Much of what has already been discussed has centered on application performance, issues that can negatively impact an application’s performance, and the possible remedies. However, without measurement, we cannot manage such applications.
Believe it or not, it is potentially easier to monitor application availability and performance when using Web services than for traditional distributed computing environments. There are several reasons for this:
- SOAP provides a clear starting point for defining and subsequently monitoring “transaction” performance. Content formatted in XML is easily parsed by software and readily understood by humans. Measurement tools can then access and act on the detailed application information contained within SOAP messages. Potentially, workload characterization can reach a detailed level of granularity that would otherwise require detailed knowledge of application logic and a willingness to make significant source code modifications.
- WSDL files provide information necessary for automated setup and dynamic discovery of new services. Though WSDL files are meant to expose Web services for use by external consumers, their mere existence implies the ability to discover new services as soon as the Web service becomes available. This makes it possible for measurement tools to discover the services they need to monitor and to adapt automatically to changes in the Web services available in their environments.
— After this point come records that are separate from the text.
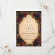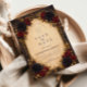 A bold and dramatic design inspired by gothic romance and baroque opulence, featuring deep crimson roses, black dahlias, and rich golden foliage woven into an ornate antique frame. The warm parchment center glows against the dark, moody background, creating a striking contrast that feels both luxurious and timeless. Intricate details and layered florals add depth and intensity, making this design perfect for an unforgettable evening celebration filled with elegance, mystery, and old-world charm.
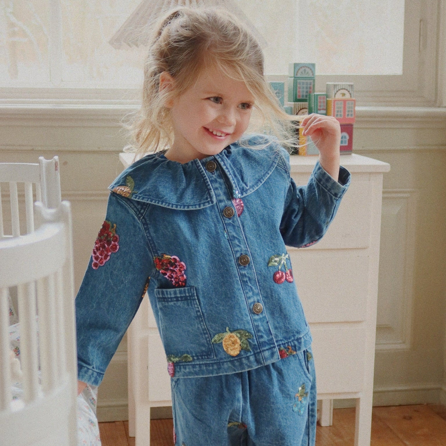 Konges Slojd - Kurtka jeansowa Magot z cekinowymi owocami, vitamins
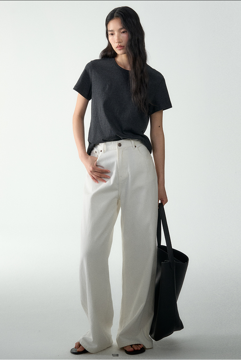COCO ZONE&刘一一100%棉牛仔裤百搭春秋通勤设计师直筒裤23C19408
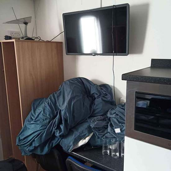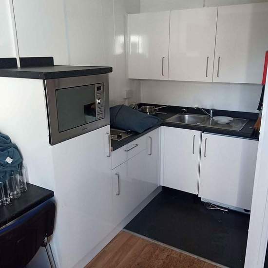 Office and living quarters. One side has TV and plenty space. Other side has bunk beds, kitchen and washing machine. Size is 30 feet x 10 feet. Buyer must uplift.
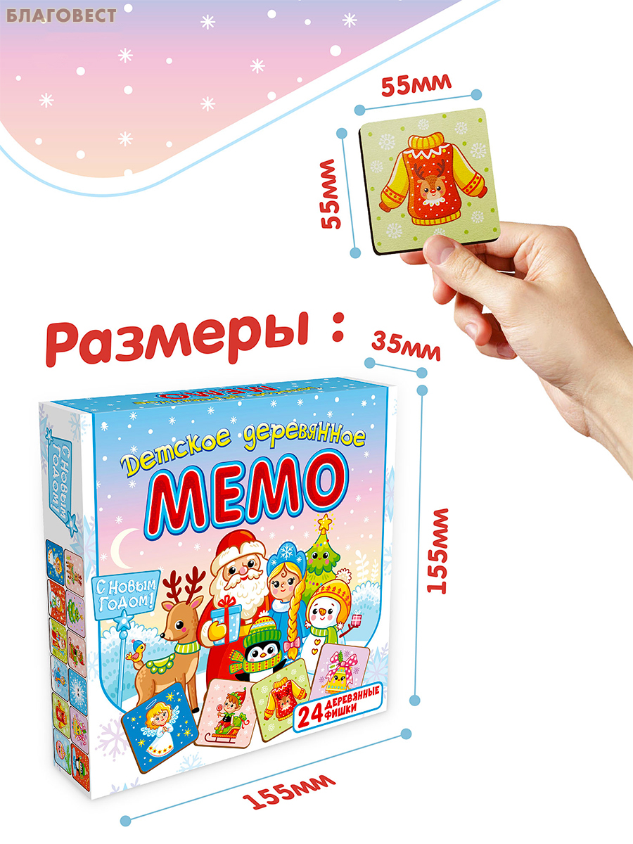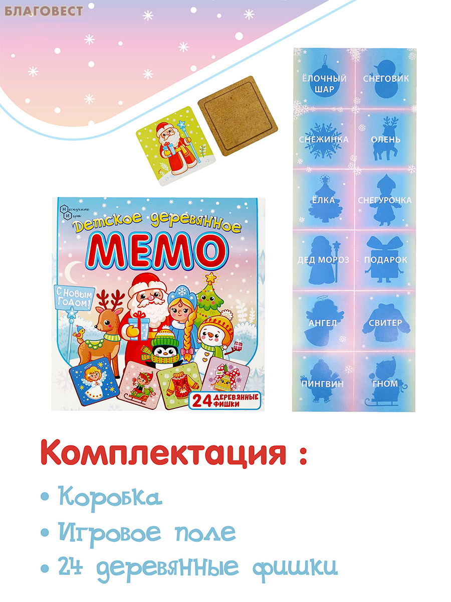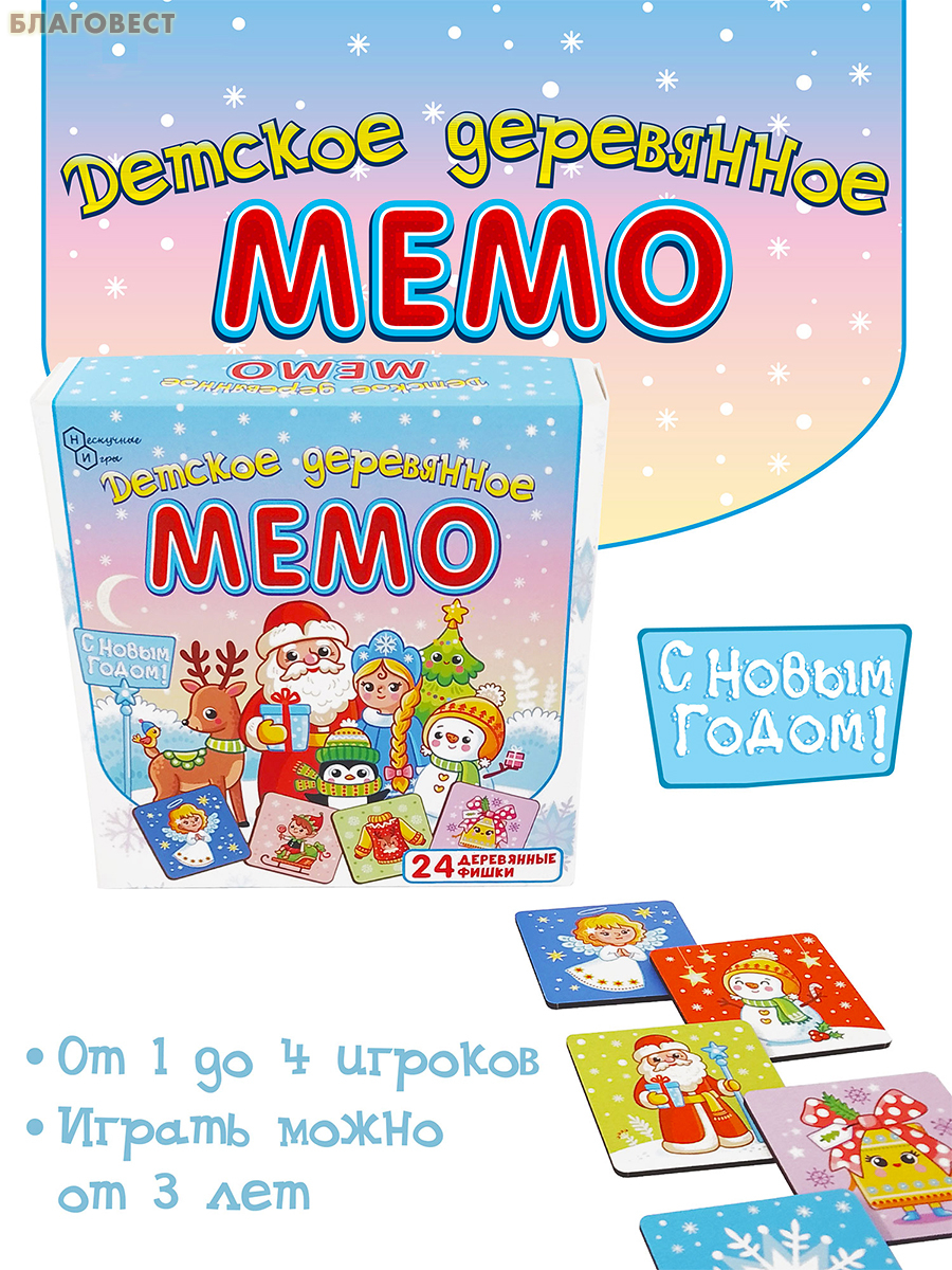 Настольная игра Мемо С Новым Годом! (24 деревянные фишки)

Thus, setup and operation can, in principle, be automated to a degree that would be very difficult to achieve in other environments.
- Passive surveillance of SOAP messages via “software observers” is a new technique developed specifically for Web services environments. The basic idea is to insert a data capture module into the chain of handlers that process incoming and outgoing SOAP messages. Its main function is to copy XML tags and variables (e.g., name of Web service being invoked, IP address of system invoking the service, length of the incoming SOAP message, and arrival time). These tags and variables are copied from the object prepared by the SOAP engine during parsing to a monitoring object. Subsequently, this new object is processed asynchronously by other components of the performance monitoring subsystem. This strategy should keep overhead very low.
SUMMARY AND FUTURE
In the future, we would expect to see more articles that address the details surrounding the performance of SOAP/XML. In addition, we hope to see case study-type articles that would examine the not-so-obvious “gotchas” in implementing XML-based solutions. As with the development of any complex application, great care must be taken to ensure that efficient design and coding strategies be employed. The use of Web services is no exception. While you might at first think that Web services applications may impose difficulties in terms of performance management, this environment would seem to contradict that conclusion. Alternative measurement strategies are emerging with the proliferation of Web services applications. Analysts will no doubt carefully study the different strategies. From a performance perspective, Web services have again confirmed that we live in interesting times!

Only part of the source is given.